Monika Hauptmann* steht am Grab ihrer Eltern und überlegt, ob sie eines Tages neben diesen Menschen bestattet werden möchte. Platz wäre da, das Grab ist für die Familie gedacht. "Aber ich glaube", sagt Hauptmann, den Blick fest auf den Grabstein von Mutter und Vater gerichtet, "ich will lieber weiter weg liegen."
Sie kommt selten zu dem Friedhof im Osten Hannovers, obwohl sie in der Nähe wohnt. Die Hecke, die das Grab rahmt, hat ein Gärtner auf Knöchelhöhe getrimmt, die Schale in der Mitte ist mit Hortensien bepflanzt; zwei Vögel aus Ton sitzen davor. So hätte es den Eltern wohl gefallen.
Hauptmann zieht an ihrer elektrischen Zigarette. Wenn sie hier ist, sagt sie, dann fühle sie Wut und Mitleid zugleich. Wut, weil ihre Eltern sie mit Drohungen, Strafen, Prügel erzogen und ihr so ein Leben voller Angst beschert haben: "Angst, nicht richtig zu sein, nicht geliebt zu werden." Und Mitleid, weil sie ihre Eltern auch als Opfer sieht, als "tragische Glieder einer grauenvollen Kette".
Immer wieder frage sie sich: Hatten Vater und Mutter, geprägt im Kaiserreich und im Nationalsozialismus, denn überhaupt eine echte Wahl? Und: Hatte sie selbst eine?
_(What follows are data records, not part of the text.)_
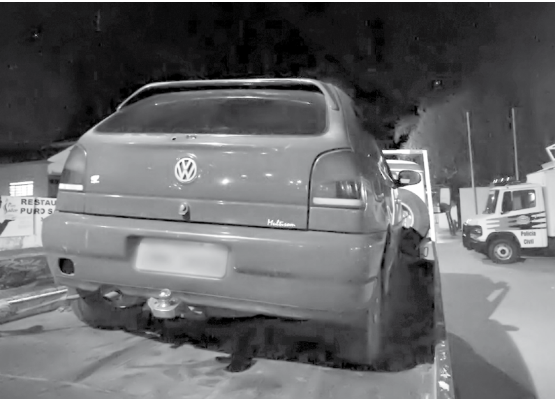
Automóvel utilizado pelo trio nos assaltos foi apreendido

sados foram levados para o Plantão Policial para prestar esclarecimentos. Posteriormente, foram encaminhados à Cadeia Pública de Jales, onde permanecem à disposição da Justiça. O adolescente também está na Cadeia de Jales, em uma cela especial à disposição da Vara da Infância e da Juventude. A Polícia não divulgou informações sobre a quantia em dinheiro encontrada com os homens. As vítimas reconheceram o automóvel utilizado nos roubos. O caso é investigado.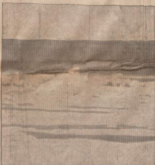
"Pasaulio pabaiga". Arktikos okeano vaizdas: ledas, vanduo ir dangus.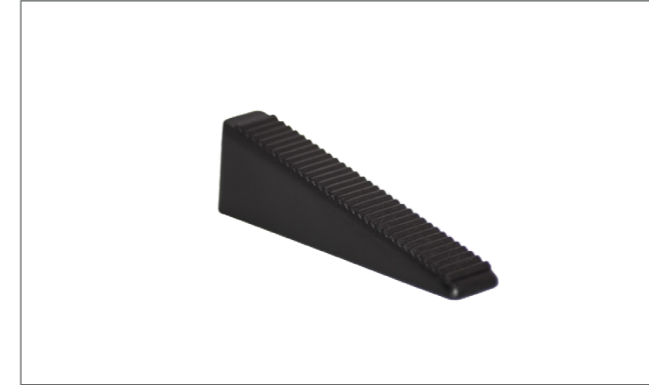
Bolsas de cuñas 100 uds. Wedge-Base set 100 units.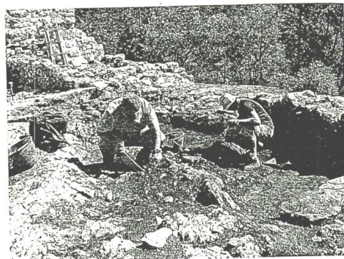
Studenti al lavoro.

Raggiunta la testata settentrionale del Monte Casale, superati i resti di tre imponenti livelli di mura, in parte ancora visibili, si svela quella che doveva essere "un'opera estesa ed intenzionale – come spiega l'archeologo Enrico Cavada – non un centro abitato, ma una fortezza, forse un castello, notevole per dimensioni e complessità delle strutture murarie, progettato su iniziativa pubblica, probabilmente per controllare una strategica via di collegamento che, salendo dal Lago di Garda e attraverso le valli del Trentino occidentale, manteneva in comunicazione la Pianura Padana con le Alpi fino al cuore del centro Europa". "Il quadro che si sta lentamente componendo – aggiunge Cavada – è quindi un panorama di strutture, di manufatti, di reperti mobili, di indicazioni culturali differenti per età e destinazione, in grado di delineare prime traiettorie cronologiche. I reperti più antichi appaiono verosimilmente legati all'orizzonte culturale dell'alto medioevo, tra il V e il VII secolo, quindi all'età carolingia tra l'VIII e il IX secolo e infine al medioevo quando, all'arco temporale tra il X e l'XI secolo sembrano riconducibili i ruderi murari della chiesa visibile". Particolarmente suggestivo il riferimento all'età carolingia, fase storica durante la quale potrebbe essere stato innalzato l'oratorio dedicato a San Martino, la figura di santo alla quale erano legati i re Franchi e Carlo Magno in particolare.

Denn die schwarze Pädagogik ihrer Kindheit, das weiß Hauptmann heute, hat sie an ihre eigene Tochter weitergegeben – es ist "die größte Bürde" ihres Lebens. "Viel zu spät habe ich gemerkt, was ich da anrichte. Ohne mein Verhalten zu reflektieren, habe ich meiner Tochter Tag für Tag klargemacht, wer der Kuchen ist und wer der Krümel."